Shahjaman Md, Kumar Nishith, Ahmed Md Shakil, Begum AnjumanAra, Islam S M Shahinul, Mollah Md Nurul Haque
Bioinformatics Lab, Department of Statistics, University of Rajshahi-6205, Bangladesh.
Department of Statistics, Begum Rokeya University, Rangpur-5400, Bangladesh.
Bioinformation. 2017 Oct 31;13(10):327-332. doi: 10.6026/97320630013327. eCollection 2017.
Patient classification through feature selection (FS) based on gene expression data (GED) has already become popular to the research communities. T-test is the well-known statistical FS method in GED analysis. However, it produces higher false positives and lower accuracies for small sample sizes or in presence of outliers. To get rid from the shortcomings of t-test with small sample sizes, SAM has been applied in GED. But, it is highly sensitive to outliers. Recently, robust SAM using the minimum β-divergence estimators has overcome all the problems of classical t-test & SAM and it has been successfully applied for identification of differentially expressed (DE) genes. But, it was not applied in classification. Therefore, in this paper, we employ robust SAM as a feature selection approach along with classifiers for patient classification. We demonstrate the performance of the robust SAM in a comparison of classical t-test and SAM along with four popular classifiers (LDA, KNN, SVM and naive Bayes) using both simulated and real gene expression datasets. The results obtained from simulation and real data analysis confirm that the performance of the four classifiers improve with robust SAM than the classical t-test and SAM. From a real Colon cancer dataset we identified 21 additional DE genes using robust SAM that were not identified by the classical t-test or SAM. To reveal the biological functions and pathways of these 21 genes, we perform KEGG pathway enrichment analysis and found that these genes are involved in some important pathways related to cancer disease.
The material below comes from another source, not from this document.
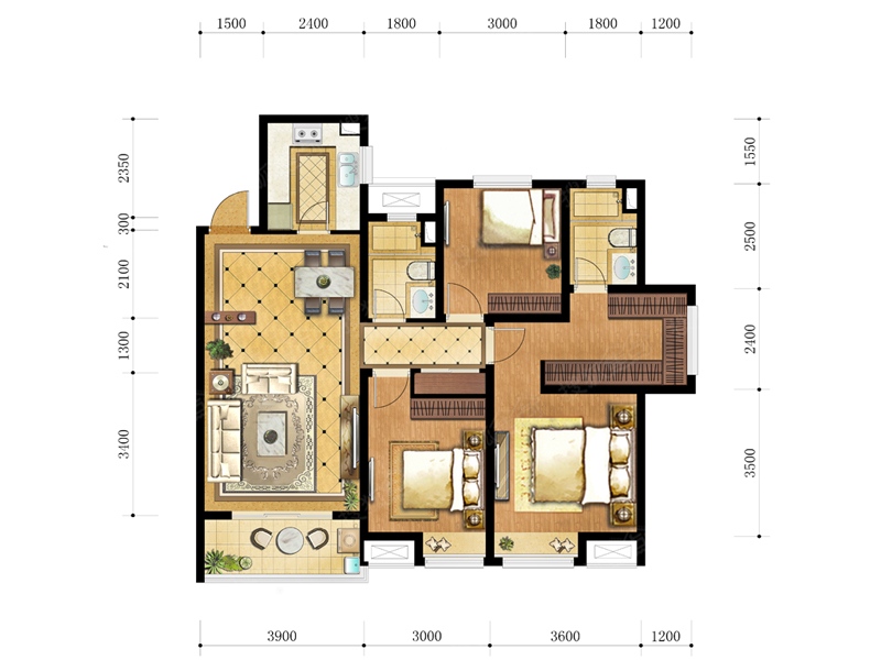 3室2厅2卫-3#、6#、9#楼112㎡C3户型

基于基因表达数据(GED)通过特征选择(FS)进行患者分类已在研究界受到广泛关注。t检验是GED分析中著名的统计特征选择方法。然而,对于小样本量或存在异常值的情况,它会产生较高的假阳性率和较低的准确率。为了克服小样本量t检验的缺点,SAM已应用于GED分析。但是,它对异常值高度敏感。最近,使用最小β散度估计器的稳健SAM克服了经典t检验和SAM的所有问题,并已成功应用于差异表达(DE)基因的识别。但是,它尚未应用于分类。因此,在本文中,我们将稳健SAM作为一种特征选择方法,并结合分类器用于患者分类。我们使用模拟和真实基因表达数据集,在与经典t检验和SAM以及四个流行分类器(LDA、KNN、SVM和朴素贝叶斯)的比较中展示了稳健SAM的性能。从模拟和实际数据分析中获得的结果证实,与经典t检验和SAM相比,使用稳健SAM时四个分类器的性能有所提高。从一个真实的结肠癌数据集中,我们使用稳健SAM鉴定出了21个额外的DE基因,而经典t检验或SAM并未识别出这些基因。为了揭示这21个基因的生物学功能和途径,我们进行了KEGG途径富集分析,发现这些基因参与了一些与癌症疾病相关的重要途径。